Here the work of Levinas, Habermas, and Arendt can once again offer assistance. Indeed, Levinas and Arendt in particular were both pre-occupied with another major historical event in which ethical boundaries were similarly dissolved and unrestrained atrocities were unleashed. Here, an immediate disclaimer is needed. By referring to the horrors of Nazism there is no intention crudely to identify any party in the current conflict with the hateful ideology of National Socialism or to engage in accusations with polemical intent. Rather, the purpose is to return to the deep analyses undertaken by—mainly Jewish—thinkers about a similar case of moral rupture in order to learn the lessons of the past, this time in the hope of avoiding yet another such catastrophe in the future.

Zygmunt Bauman—another Jewish theorist of the Holocaust (Bauman 2023)—similarly emphasized the need to reflect systematically on its sources without imposing assumptions or limitations. He criticized attempts by the Jewish establishment to resist attempts to expropriate the injustice that the Jews and the Jews alone suffered, or to separate the suffering, this injustice or lessons it may make available to us, from the Jewish state. “This unholy alliance,” Bauman wrote:

… effectively prevents the experience it narrates as “uniquely Jewish” from turning into a universal problem of the modern human condition and thus into public property. Alternatively, Auschwitz is cast as an event explicable only in terms of the extraordinary convolutions of German history, of inner conflicts of German culture, blunders of German philosophy or the bafflingly authoritarian national character of the Germans with much the same parochializing, marginalizing effect … One would expect this strategy to be a favourite form of self-defence: after all, it obliquely reaffirms and reinforces the etiological myth of modern civilization as a triumph of reason over passion, and an auxiliary belief in this triumph as an unambiguously progressive step in the historical development of morality. (Bauman 1991, 140–141)
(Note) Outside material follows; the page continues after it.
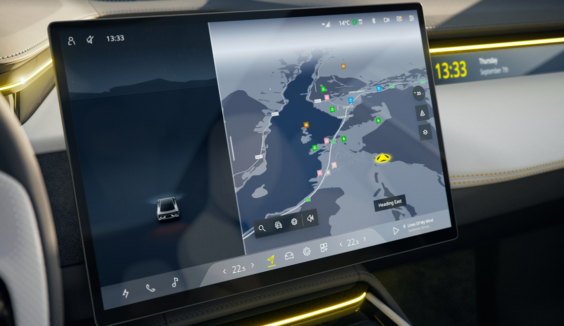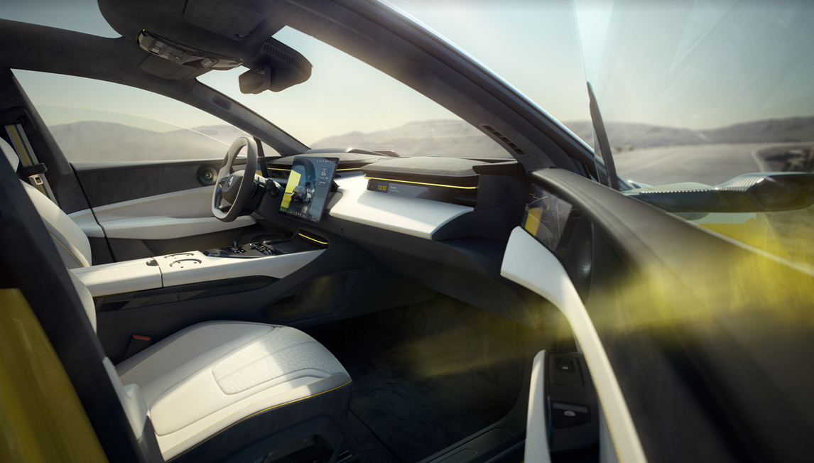 - 대시보드와 외장 곳곳에 지속 가능한 소재를 사용했으며, 디지털 미러 및 LiDAR, 55인치 AR 헤드업 디스플레이 등 첨단 장비로 미래형 GT의 면모를 구현했습니다. 실내에는 의류 폐기물에서 추출한 친환경 원사로 만든 트리밍과 KEF 3D 사운드 시스템 등이 적용되었습니다.

In his vivid analysis of what he referred to as the “philosophy of Hitlerism,” Levinas concluded similarly that the phenomenon of Nazism was not a gratuitous crime committed by deranged individuals, or even an expression of a unique historical and social set of circumstances of a particular society at a given time. Rather, he considered it to expose a latent vulnerability in western culture. For him, this vulnerability lay in pathologies of being, typified by a shift from the primacy of ethics to discourses based on individualism and freedom. In an updated preface to this work, written in 1994, he wrote that his core argument

… stems from the conviction that the source of the bloody barbarism of National Socialism lies not in some contingent anomaly within human reasoning, nor in some accidental ideological misunderstanding. This article expresses the conviction that this source stems from the essential possibility of elemental Evil into which we can be led by logic and against which Western philosophy had not sufficiently insured itself. (Levinas 1990, 63)

For Levinas, Hitlerism disclosed a possibility that the Western tradition carried within it. This possibility was inscribed within the ontology of a being concerned with being. It is the fate of our times that such a possibility continues to threaten, years after the demise of National Socialism itself. We must ask ourselves similar questions, he argues, about the ethical assumptions commonly deployed in the modern world. “Does the subject arrive at the human condition prior to assuming responsibility for the other man in the act of election that raises him to this height?” (Levinas 1990, 63)

Arendt in turn, in her studies of the origins of totalitarianism and the dynamics of the human condition, also found identifiable forces that persisted in contemporary society that were fundamental to the rise of Nazism. In her analysis she drew attention to pathologies in the structure and use of language that arise as preconditions for a similar moral crisis. Specifically, she described the instrumentalization of speech and thought that turned them into tools of conformity and obedience. The suppression of dissenting voices limits diversity of thought and expression, undermining the very essence of free and open communication. Propaganda and manipulation of language through which language becomes a tool for mass persuasion and manipulation—that is, as a tool not for the development of a practical consensus but as a weapon. For her, these changes led inexorably to a corollary: the loss of truth, or at least the loss of a standard by which truth or falsity could be determined. Repetition of propaganda for the purposes of achieving an instrumentalist objective undermine the ability to discern the difference between truth and falsity. Together, these strategies created the isolation of individual citizens, the dissolution of the public sphere and the inability of a dialogical process to be sustained. The path from the atrophy of speech to naked violence is a direct one (Arendt 2017):

Without the disclosure of the agent of the act, action loses its specific character and becomes one form of achievement among others. It is then indeed no less a means to an end than making is a means to produce an object. This happens whenever human togetherness is lost, that is, when people are only for or against other people, as for instance in modern warfare, where men go into action and use means of violence in order to achieve certain objectives for their own side and against the enemy. In these instances … speech becomes indeed “mere talk,” simply one more means toward the end, whether it serves to deceive the enemy or to dazzle everybody with propaganda; here words reveal nothing, disclosure comes only from the deed itself … . (Arendt 2013, 180)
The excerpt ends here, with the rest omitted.